# wget package missed



## Leander (Oct 11, 2011)

Hey fellows,

I just figured that there is still no wget package available in packages-9-current yet ...


Is there a quick & easy "how to" you could refer me to? ... to help getting that package being created and uploaded?

This one seems a bit rough to be done within a hour timeframe ...

Thanks


----------



## jb_fvwm2 (Oct 12, 2011)

wget already is a port.  The reason it is not in that repository is probably that fewer ports are built as packages in the -9- branch than the -8- branch due to hardware limitations of the build cluster(s).  Unless I am misinformed about some other reason, anyway.


----------



## Leander (Oct 12, 2011)

Well, back from my Debian Linux times ... I remember that creating a Package was not too hard.
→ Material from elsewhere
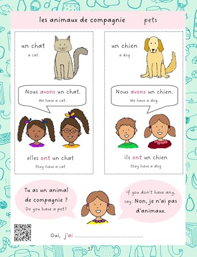 A refreshingly fun French activity book for beginners (A1 Level) with puzzles, coloring pages, word searches, find-and-count activities, drawing exercises, spelling practice, and more. Plus, pronunciation videos are included! An activity-based approach to French for children aged 6+ Written by a native French speaker. Book dimensions: 8.5 x 11 inches / 21.59 x 27.94 cm 50+ color pages Young children may be hesitant to start learning a new language. They need easy-to-follow lessons that gradually grow their knowledge and confidence in French while also expanding their vocabulary. That’s precisely what this book will help them do! This activity book: Introduces young readers to the basics, such as the alphabet, numbers, and colors Engages them with a variety of fun activities Expands their vocabulary by teaching them over 200 words across a range of topics like food, animals, body parts, and the weather Equips them with basic verbs like “to be” and “to have,” and helps them express their likes and dislikes Provides free online pronunciation videos for every vocabulary page The tone of this beautifully illustrated workbook is friendly and designed for beginners, making learning (or teaching) French easy and stress-free. Created by French author and illustrator Madly Chatterjee in collaboration with Zelie Blancardi, a French teacher at the French Institute in Edinburgh (UK) and Ava Cramp, an American copywriter. www.madlychatterjee.com

So no ofence but my question was not how to use wget port  - My aim is to help getting more -9- branch packages - and if there is a easy way to do so than I would love to know.

Thanks


----------



## SirDice (Oct 12, 2011)

You can donate additional hardware to be used for the build cluster.

Keep in mind there are about 22000+ ports, 7 different architectures and 4-5 different versions of FreeBSD to package for.

As for creating your own packages, use *make package*. See ports(7).

Forget about uploading your package to the central repository, it will never be accepted.


----------